A nasty, drug-resistant bacterium has been creeping out of hospitals and into communities.

Methicillin-resistant Staphylococcus aureus (MRSA) can cause skin infections and a severe pneumonia.

The non-drug-resistant form of the bacterium commonly co-exists with humans quietly, living on the skin or in the nose of about 30 percent of the population. The drug-resistant form seems to live, also in a quiet, innocuous fashion, on about 1 percent of people.

When MRSA gets under the surface of the skin, it starts off like a spider bite, and can progress to boils or abscesses. Sometimes there are many sites of infection. Most skin infections seem to resolve on their own, as the body's immune system clears them up. However, sometimes MRSA can spread through the bloodstream, causing life-threatening complications like pneumonia.

MRSA is transmitted by direct contact with other people or through hands touching a surface or object that has become contaminated. Crowded living conditions, such as among military recruits and prisoners, and poor hygiene increase the risk of transmission. Athletes also seem to be at risk.

Having an impaired immune system is also a risk for getting MRSA infections. Common causes of poor immune function are diabetes, cancer and being on steroid medications. If you get a skin infection, you can't know if it's MRSA without having a health care provider do a culture of the wound. A lab can identify the bacteria and which antibiotics it is susceptible to.

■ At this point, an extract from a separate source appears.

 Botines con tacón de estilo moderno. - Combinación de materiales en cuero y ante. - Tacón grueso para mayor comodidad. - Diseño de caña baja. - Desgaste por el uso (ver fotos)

The first treatment for a MRSA abscess is drainage of the pus. This usually means making an incision in the skin over the area and letting it drain. Many people will get better with this step alone. Incising an abscess also has the advantage of letting out the stuff you have to culture. MRSA is still resistant to many antibiotics, and is always resistant to an antibiotic health care providers frequently hold in reserve called vancomycin. Vancomycin must be administered intravenously.

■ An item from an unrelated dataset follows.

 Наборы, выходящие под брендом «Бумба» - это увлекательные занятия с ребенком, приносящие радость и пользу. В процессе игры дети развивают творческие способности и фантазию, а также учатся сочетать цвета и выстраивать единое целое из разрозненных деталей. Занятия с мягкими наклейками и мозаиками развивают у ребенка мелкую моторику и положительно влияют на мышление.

And this is the essence of why this bacterium is dangerous, and a public health hazard. When treating infections, we now sometimes have to start with vancomycin, a very expensive drug that generally requires hospitalization. If we aren't paranoid enough about it, a case might slip through the cracks and cause devastation in some unlucky person.

And the cost will do bad things to the health care system. Physicians will start practicing defensively, not wanting to be sued for undertreating what later turns out to be MRSA. And excessive use of vancomycin means that Staph. aureus, and other bacteria, will probably develop resistance to that drug, too. A few cases of vancomycin resistant Staph. aureus have already appeared in the country. Don't worry, there are still antibiotics left, but it's an arms race.

Interestingly, research indicates that the current version of community-acquired MRSA is a descendant of a similar bacterium that caused widespread skin infections in the 1950s, and then somehow went underground. That infection, then called "phage type 8 0/8 1," was eliminated when synthetic penicillins arrived on the market in the 1960s.

The new community-acquired MRSA probably qualifies as an actual emerging epidemic. A research team in Denmark, for example, estimates that cases are doubling about every six months.

You can blame community MRSA on the overuse of antibiotics. Frequently patients who present to a primary care office with a respiratory infection expect antibiotics, and many physicians find it hard to say no. Constant exposure to antibiotics causes bacteria to become resistant to them through natural selection -- the bacteria that aren't killed by the chemical live on to make more bacteria like themselves.

Antibiotics are available in some countries without a prescription. Also, they are commonly added to animal feeds to stimulate growth, and bacteria in those settings become resistant, too.

You can reduce your chances of getting MRSA by some common-sense hygiene. Wash your hands frequently. Avoid contact with other people's wounds or anything that the wound has touched. Avoid sharing personal items that touch the body like razors and sports equipment. Clean sports equipment regularly.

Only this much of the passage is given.